In this paper we will summarise the results of the exploratory studies that served as a basis for the current IDoC project. In section 1: 'Developing an understanding for the ethical issues at stake', we will briefly explain how DRGs work, what the intended effects are, what the public is concerned about, and what the scientific research tells us so far. In section 2: 'Developing an ethical framework for research on DRGs in Switzerland', we will summarise the ethical issues and explain the ethical frame that we will use in order to perform research on the complex issue of DRGs in Switzerland. Only once a profound understanding of the challenges involved exists can research on the ethical implications of DRGs be successful.
DRGs as a reimbursement system are a standardising system (see for example http://www.fischer-zim.ch/artikel-pdf/DRG-CH-Modellwahl-0404.pdf). Depending on the main diagnosis, which is based on the International Statistical Classification of Diseases and Related Health Problems (ICD-10), each patient case is assigned to a Major Diagnostic Category (MDC; in German: Hauptdiagnosegruppe). For the calculation of the actual DRG, the MDC is the most important factor. Other factors that are included in the calculation are secondary diagnoses, procedures, age, the degree of difficulty and others. The resulting DRG is linked to a prospectively calculated average length of stay (LOS) with a minimum and maximum limit. The cost weight of the DRG is multiplied by the politically defined base rate. The hospital can charge this amount for the treatment of the relevant patient. A hospital can only have costs under control if the actual LOS of its patients remains around the average LOS, that is, above the minimum and below the maximum LOS. DRGs thus encourage physicians to focus on the main diagnosis, to run procedures as efficiently as possible and to discharge the patient within the average LOS in order to remain profitable.

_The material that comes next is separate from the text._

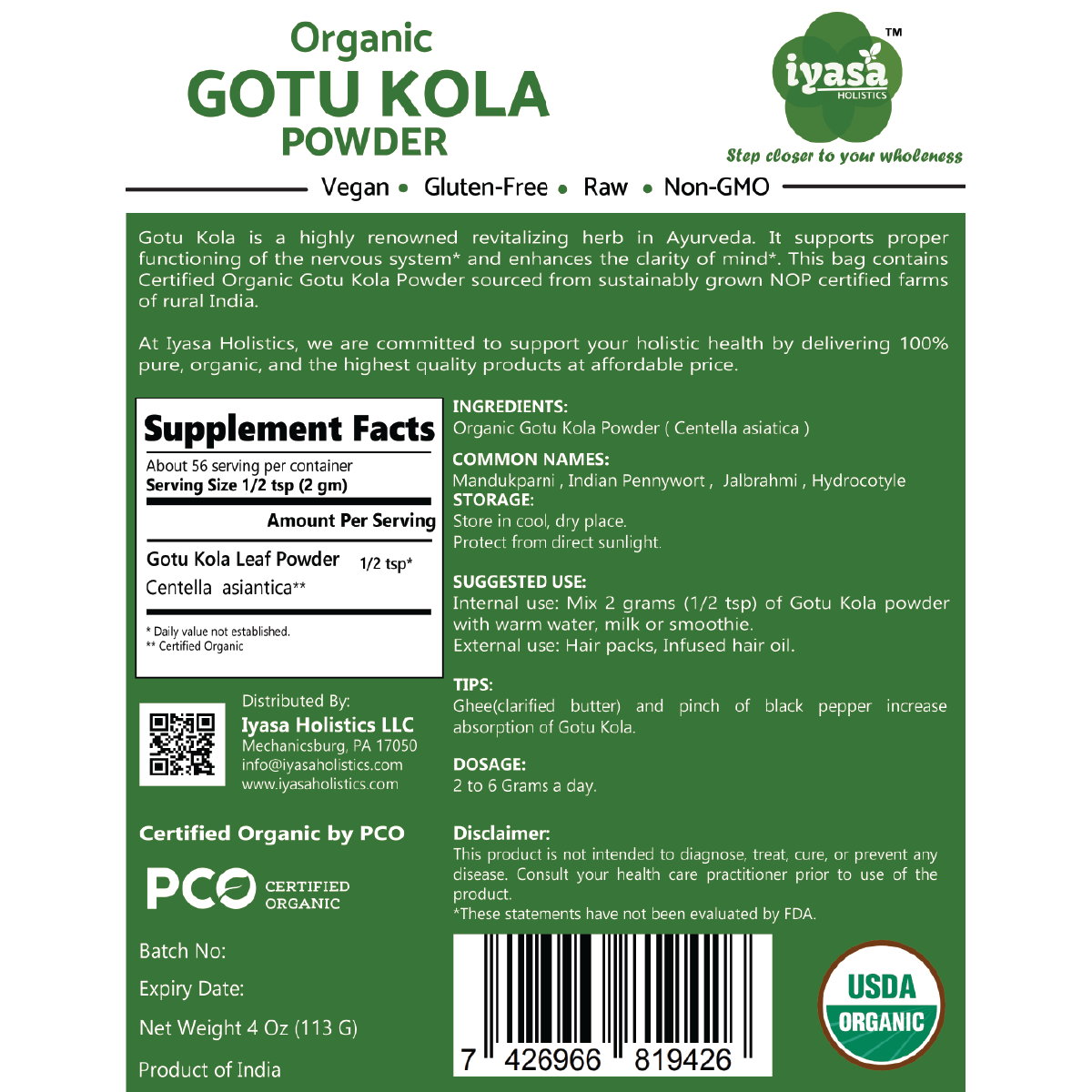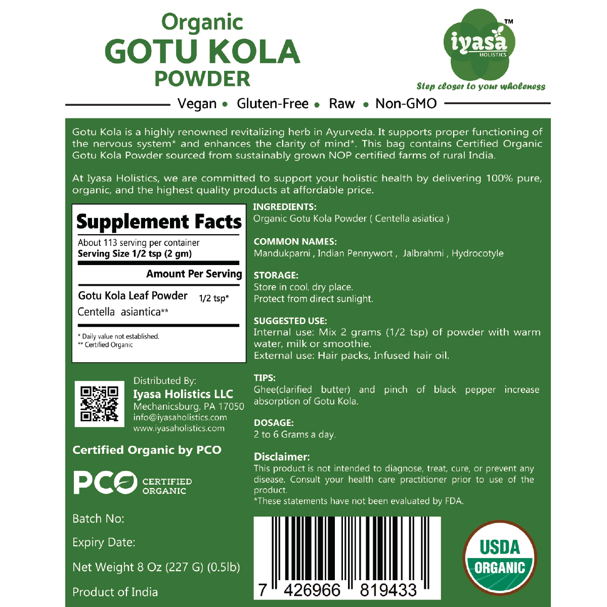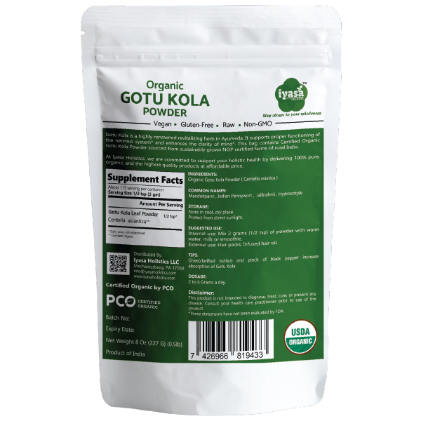 🌿CERTIFIED USDA ORGANIC NON-GMO: Iyasa Holistics Organic Gotu Kola (Brahmi) Leave Powder is sourced from NOP (USDA) certified farms of India. Our Gotu kola Powder is vegetarian, vegan, Non-GMO and Gluten, Soy, Wheat or Corn free.

The increasingly detailed documentation of diagnoses and procedures, aimed at contributing to the transparency regarding costs and health services, can be used to facilitate benchmarking and controlling and is expected to lead to further competition between hospitals. This process is intended to cut overcapacities.
In summary, the health economic tool “DRGs” is a standardising system that implements incentives with the ultimate aims of efficient procedures, cost-containment, benchmarking, controlling, transparency, competition and responsibility.
For an ethical analysis it is important to investigate the expected benefits of DRGs. What were the initial ideas leading to the development of DRGs in the 1960s and what are the current positive aims that are connected with the implementation of DRGs in Switzerland?
The prospective payment system (PPS) “Diagnosis Related Groups” has its roots in the USA. Facing excessively increasing costs in health care, a new “incentive method of reimbursement was to be studied” [2]. The traditional retrospective payment system had led to several problems because of its inherent incentives, namely to keep patients longer in hospital than necessary and to provide avoidable tests and services (this system has been in use in some hospitals in Switzerland up to the year 2011). The choice fell on DRGs, which had been developed in the early 1960s at Yale University in the context of quality control as a tool for patient classification [3]. In 1983 DRGs were introduced for the first time as the new reimbursement system for Medicare patients in the USA [4]. The stated objectives of the federal government were to standardise prices of services and to control federal costs by providing incentives for the hospitals and physicians to work more efficiently and to use resources parsimoniously [2].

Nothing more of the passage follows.